Focus On Your Game

My favorite thing to do is watch my children perform on stage or play their favorite sports. I knew I’d love this part of parenting. I couldn’t wait to be a mother in the stands. However, with the title of #1 Fan, I also have spirits to raise and frustrations to hear from my player or performer. In that role, I try to keep things productive and positive. When all else fails, I drive straight to Dairy Queen and get the kid a blizzard. It works every time. 

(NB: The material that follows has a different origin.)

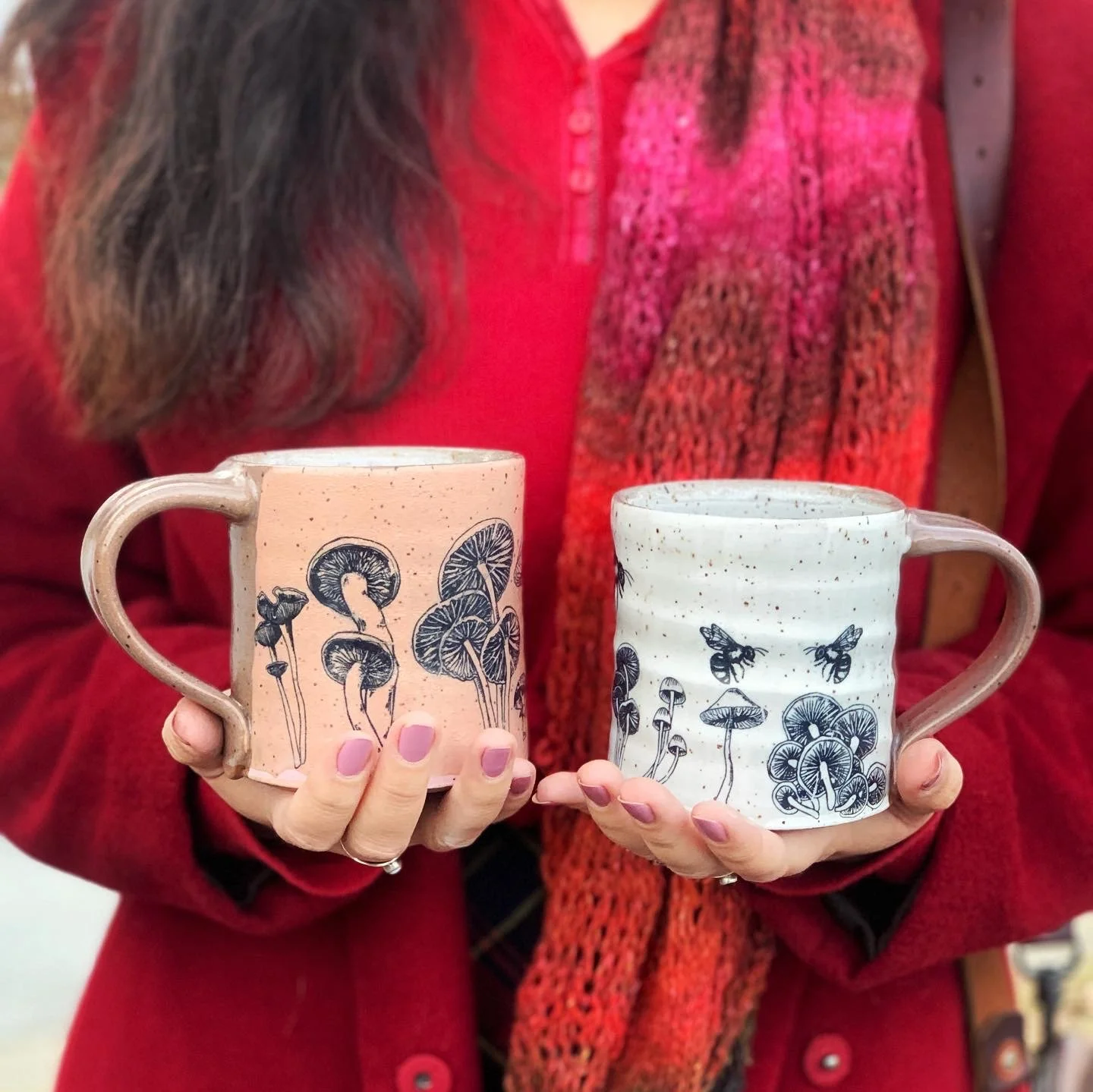 Their ceramics are also made in-house using both the potter’s wheel and hand-built techniques. They work with stoneware clay and colorful underglazes inspired by their South American heritage.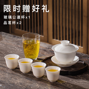 茶具套装 小套白瓷玻璃盖碗泡茶家用功夫羊脂玉杯 高档办公室礼盒装

What Part of Your Game is Weak?

Recently, one of my kids had a tough basketball game. His team won, but he didn’t feel like he contributed. Even though he had no points on the board, we call my dude “the disrupter”. He’s wonderful defensively, rarely fouling, beating the other team down the court, and getting in their faces for turnovers. However, after this particular game, all he could do was concentrate on his lack of points. I found myself saying to him, “Well, your defense is good. Now just focus on the part of your game that is weak and get better.” He nodded, and I think that meant he agreed. No blizzard trip needed after this game.

Take My Own Advice

That same day, I was caught in some severe thought spirals about how I wish I was a better mom, a more effective teacher, a better friend, wife, etc. I get this way when I feel like I’m falling behind in an area of my life or letting people down who count on me. I let myself get down for a solid ten minutes, and then I tried to refocus my energy so it was productive.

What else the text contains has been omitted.